> **Given material**:
· · ·

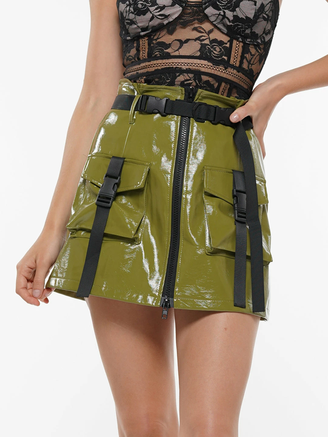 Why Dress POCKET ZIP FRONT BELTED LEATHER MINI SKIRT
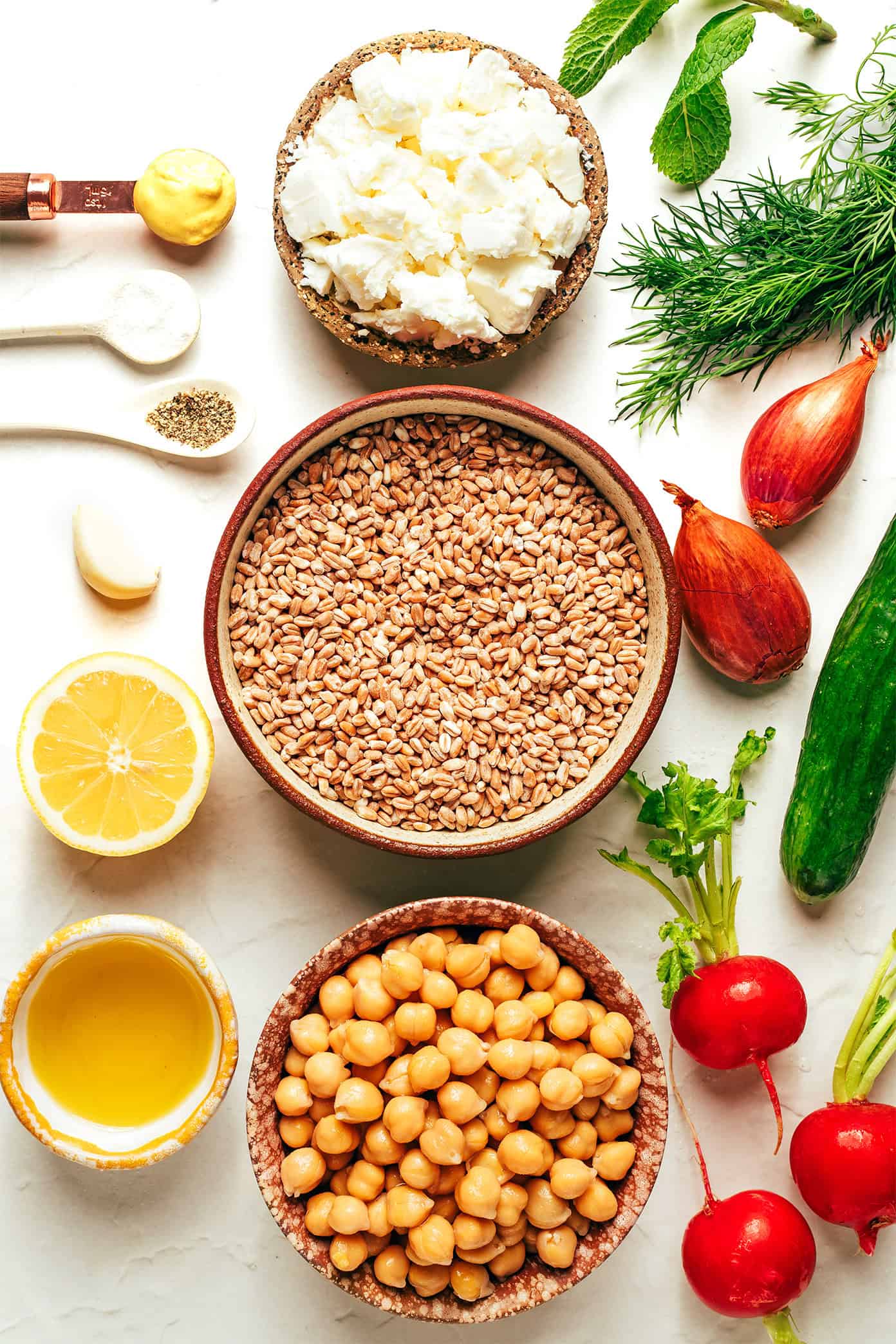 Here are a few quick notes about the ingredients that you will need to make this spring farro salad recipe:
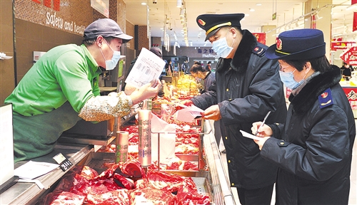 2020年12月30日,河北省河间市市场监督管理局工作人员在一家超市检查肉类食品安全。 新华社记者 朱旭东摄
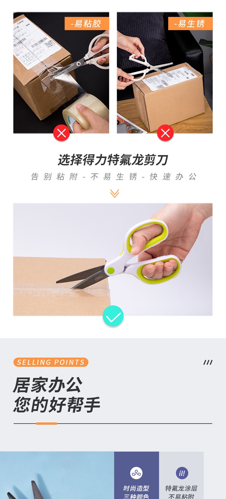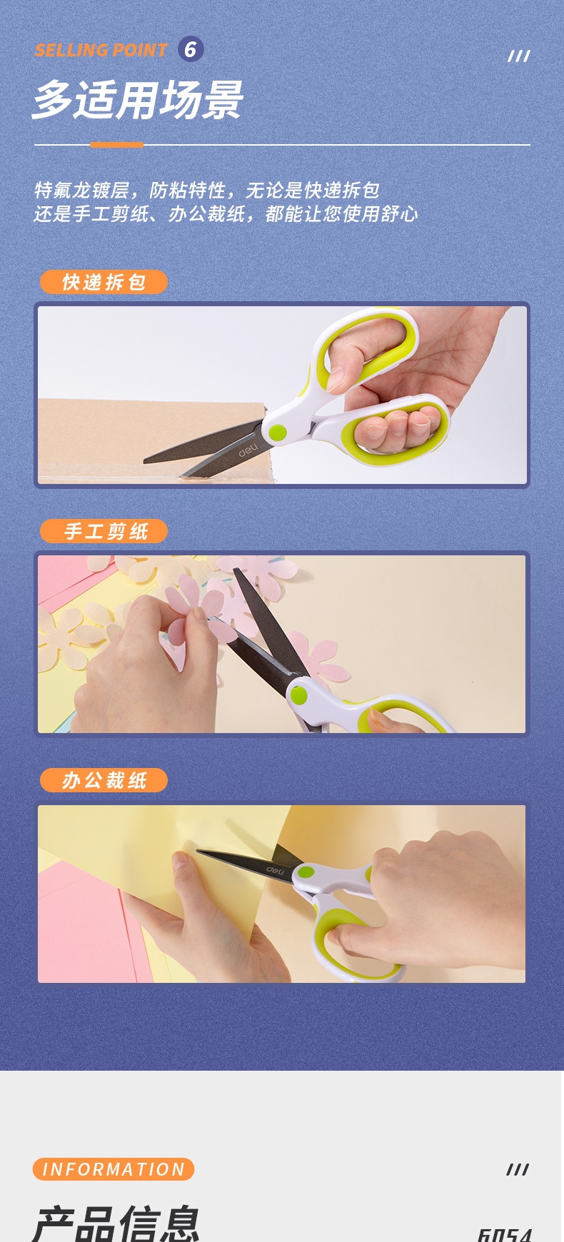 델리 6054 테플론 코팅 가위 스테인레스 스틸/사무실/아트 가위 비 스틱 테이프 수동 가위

· · ·

> **What is required**: For this exercise, restate the material exactly and skip every picture.

> **Exercise output**:
 Why Dress POCKET ZIP FRONT BELTED LEATHER MINI SKIRT
 Here are a few quick notes about the ingredients that you will need to make this spring farro salad recipe:
 2020年12月30日,河北省河间市市场监督管理局工作人员在一家超市检查肉类食品安全。 新华社记者 朱旭东摄
 델리 6054 테플론 코팅 가위 스테인레스 스틸/사무실/아트 가위 비 스틱 테이프 수동 가위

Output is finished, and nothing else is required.